RECORDS SUPPLIED Start Marker

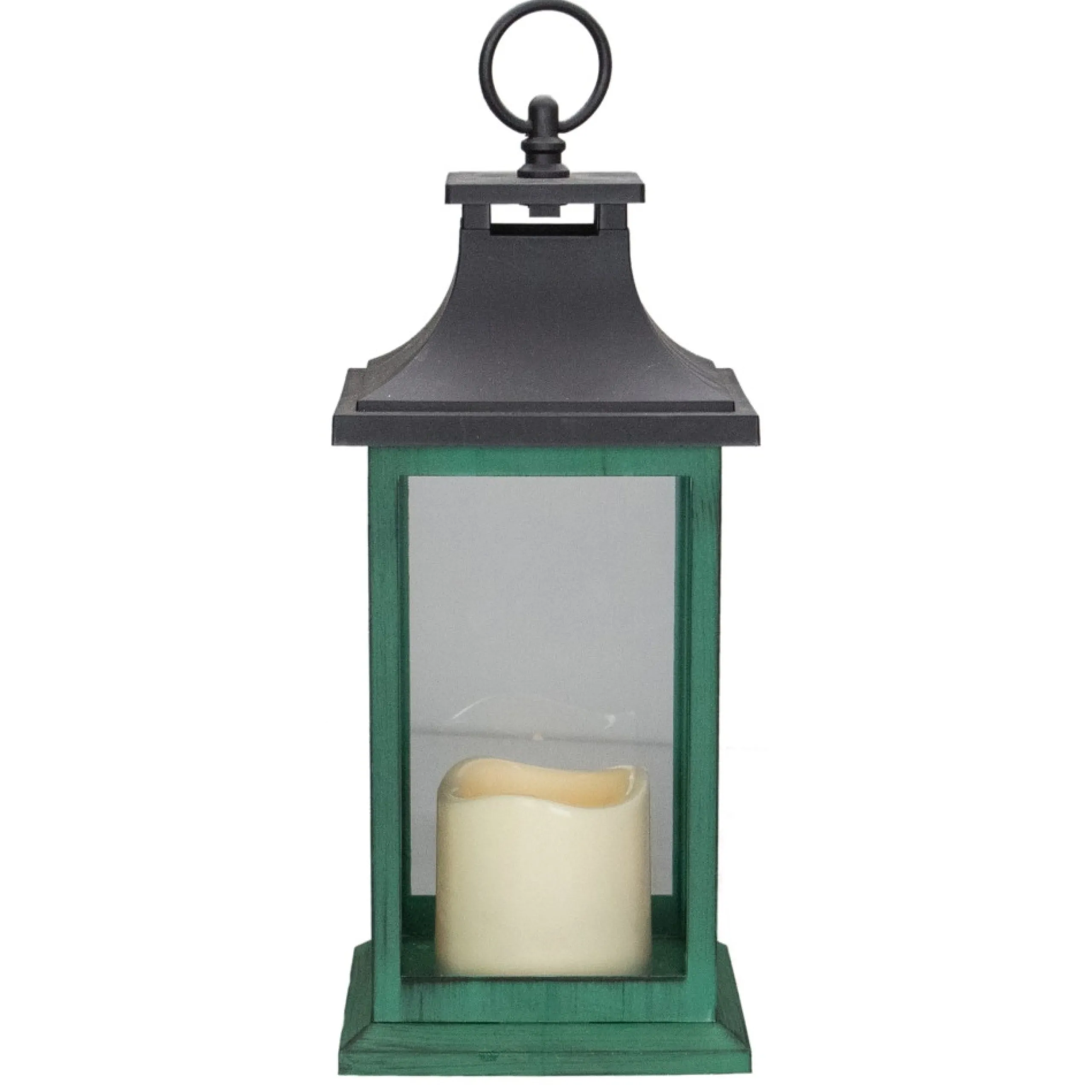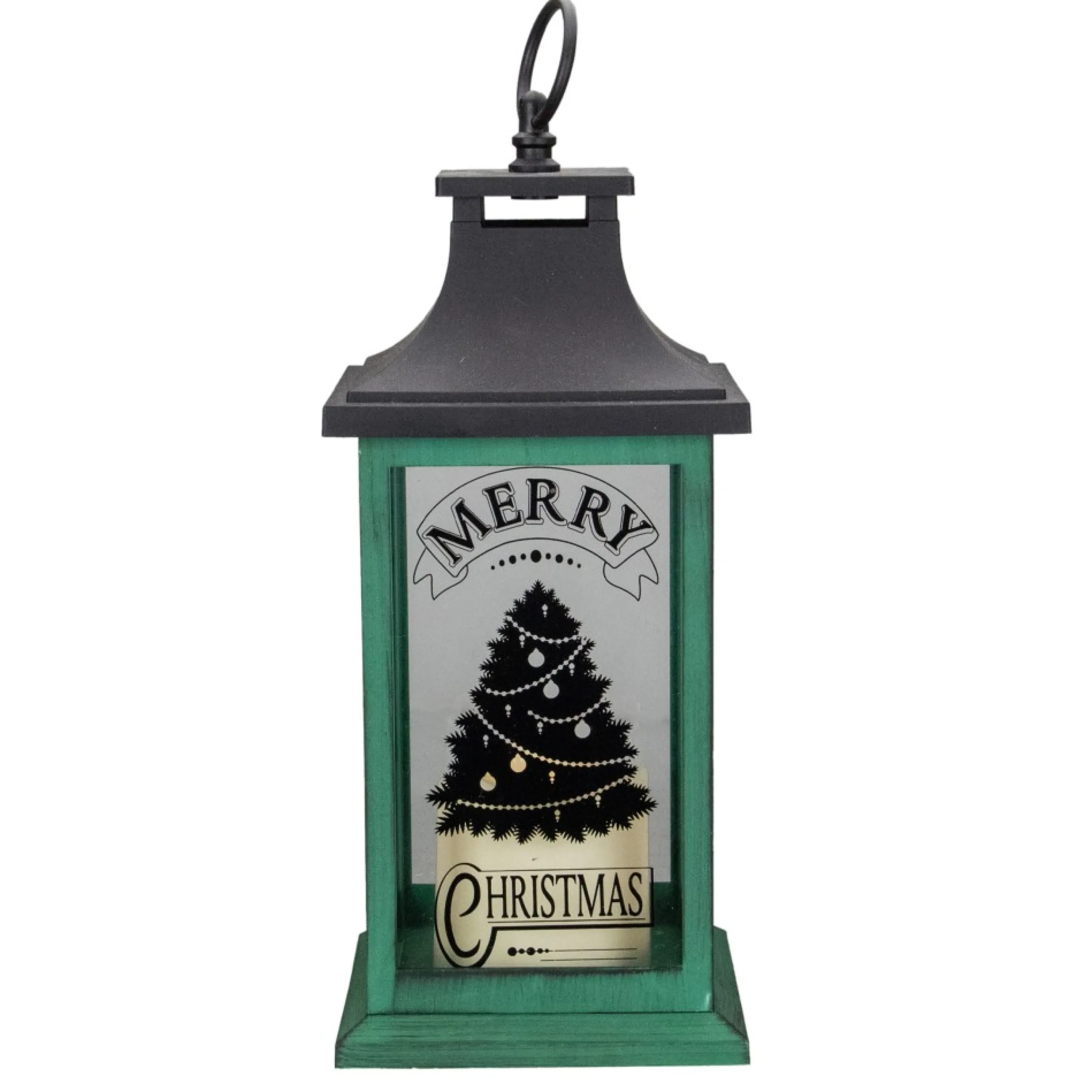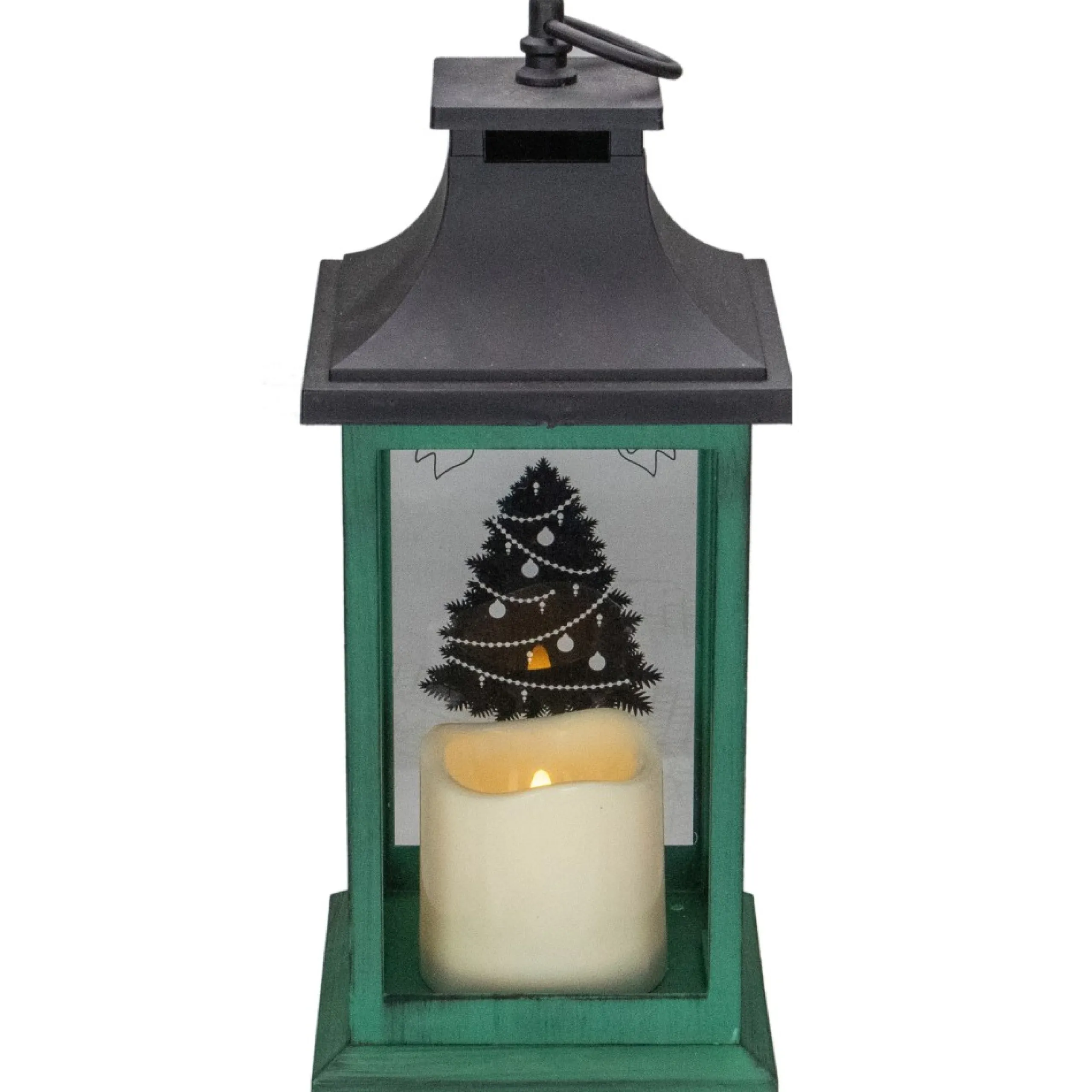 Candles & Holders*Northlight 12″ Green And Black Led Candle With Christmas Tree Tabletop Lantern
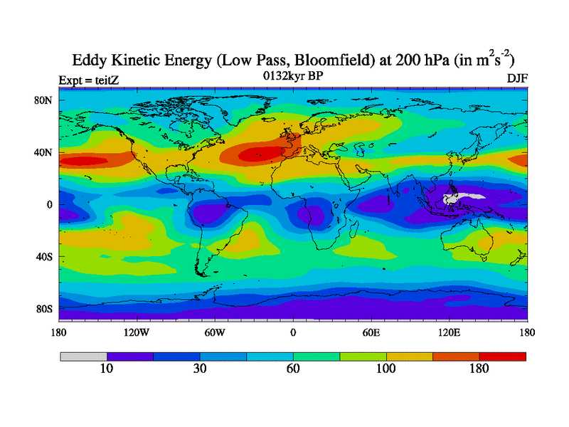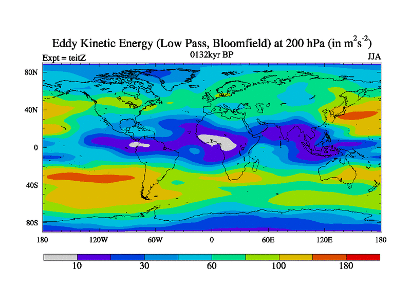 Low Pass Eddy Kinetic Energy at 200 hPa
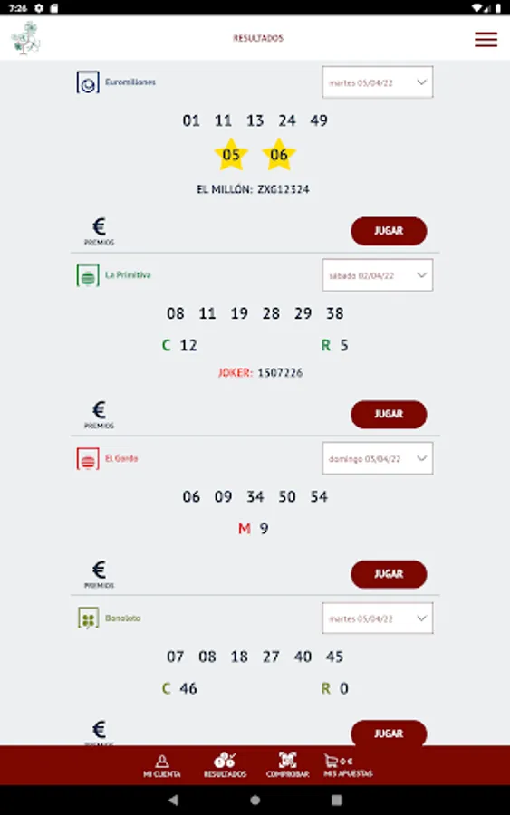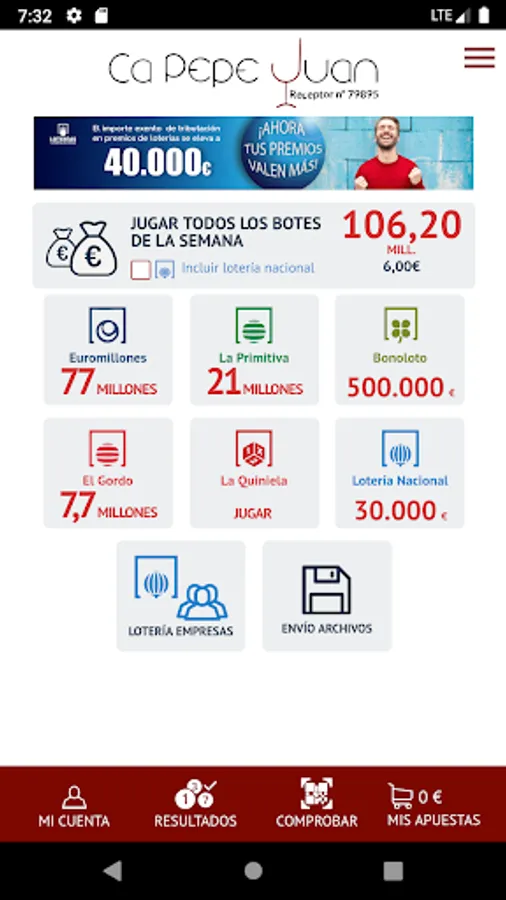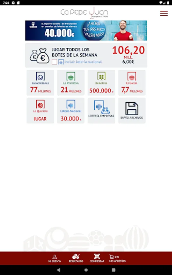 Remember, CapepeJuan Lottery is the most reliable free app to check Lottery, Quiniela, EuroMillions, Primitive, Child, Christmas Lottery, BonoLoto and all the Lotteries and Bets of the State of Spain. May LUCK be with you!
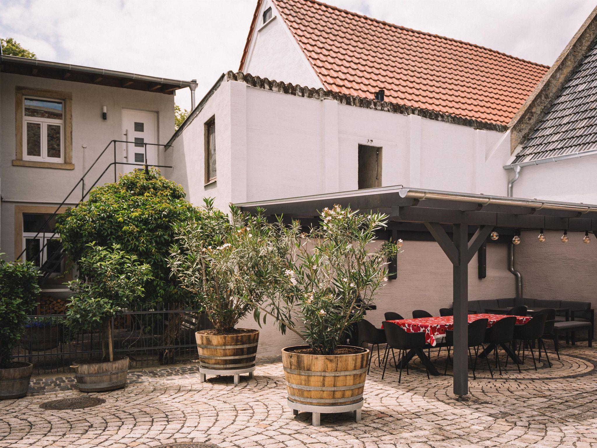 Unser großzügiger Innenhof steht Ihnen während Ihres Aufenthalts exklusiv zur Verfügung. Und auch unsere Vinothek können Sie gerne nutzen. Selbstverständlich bieten wir Ihnen hierzu gerne unsere Weine an. Auch eine Weinprobe ist bei Interesse gerne möglich.
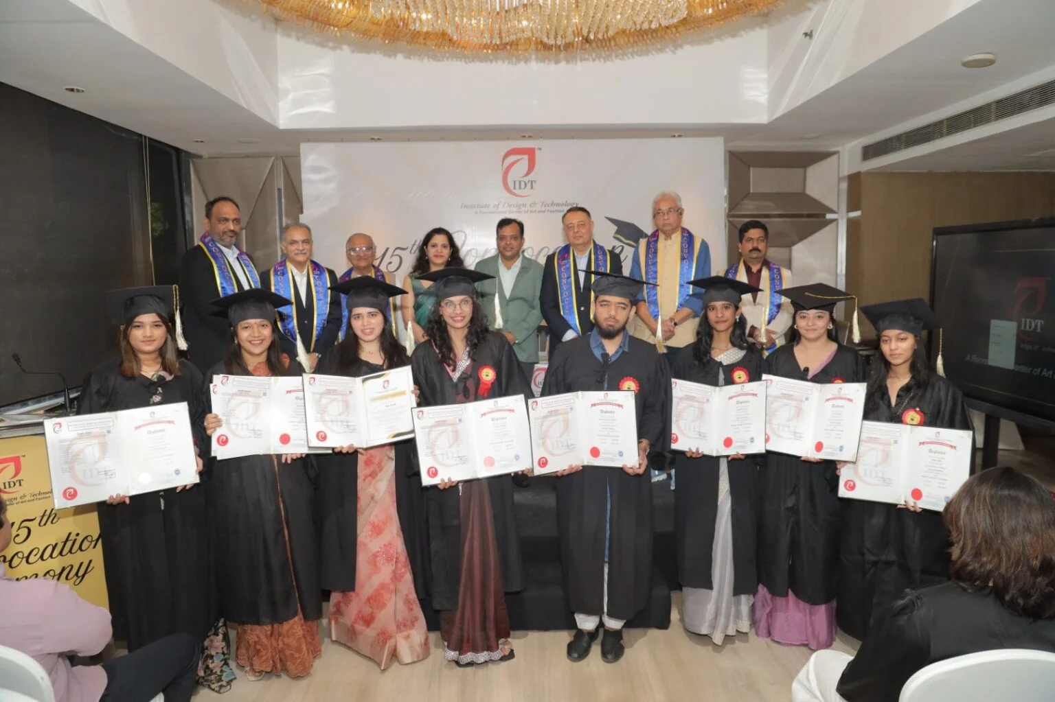 Institute of Design and Technology (IDT), a premium design institute based in Surat, successfully organized its 15th Convocation Ceremony at Avadh Utopia, Surat. On this occasion, students from various batches completed their education and received their certificates. IDT offers industry-oriented courses including Fashion Designing, Interior Designing, Digital Textile Printing, and Event Management, which equip students with creativity, technical skills, and professional competence.
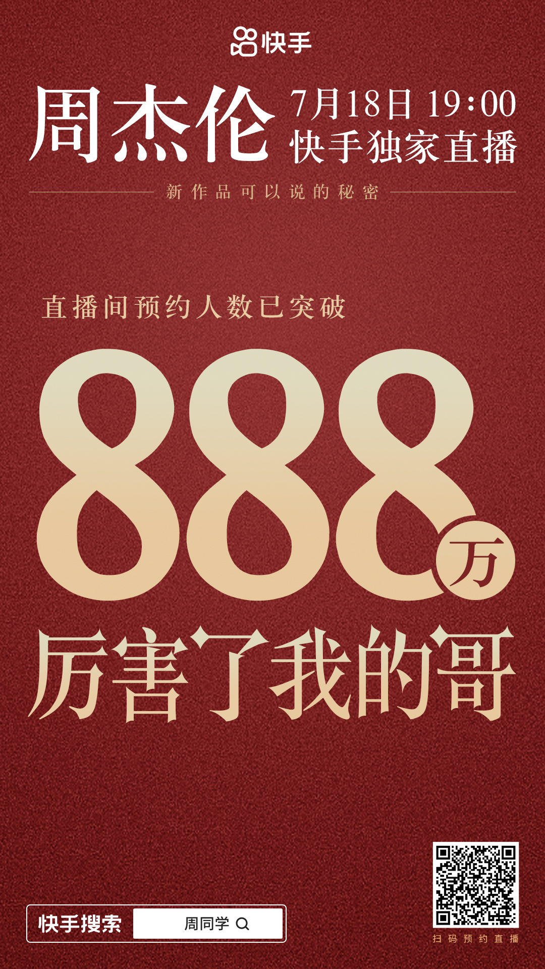 888万!距离7月18日19时周杰伦的快手独家直播还有1天,其直播预约人数已超888万,再次刷新快手站内单人直播预约人数的最高记录。随着周杰伦7月14日晚新专辑上线,短短一天时间,直播预约暴增500万人次,而周杰伦在快手站内独家发布的《粉色海洋》弹唱版视频更是在一天时间突破2亿播放量,点赞量高达500万。

RECORDS SUPPLIED End Marker

__DESCRIPTION OF THE TASK__
Word for word, write out the lines above running from the one with "Low Pass Eddy Kinetic Energy at 200 hPa" up to and including the one with "Institute of Design". Drop any picture.

__ANSWER BELOW__
 Low Pass Eddy Kinetic Energy at 200 hPa
 Remember, CapepeJuan Lottery is the most reliable free app to check Lottery, Quiniela, EuroMillions, Primitive, Child, Christmas Lottery, BonoLoto and all the Lotteries and Bets of the State of Spain. May LUCK be with you!
 Unser großzügiger Innenhof steht Ihnen während Ihres Aufenthalts exklusiv zur Verfügung. Und auch unsere Vinothek können Sie gerne nutzen. Selbstverständlich bieten wir Ihnen hierzu gerne unsere Weine an. Auch eine Weinprobe ist bei Interesse gerne möglich.
 Institute of Design and Technology (IDT), a premium design institute based in Surat, successfully organized its 15th Convocation Ceremony at Avadh Utopia, Surat. On this occasion, students from various batches completed their education and received their certificates. IDT offers industry-oriented courses including Fashion Designing, Interior Designing, Digital Textile Printing, and Event Management, which equip students with creativity, technical skills, and professional competence.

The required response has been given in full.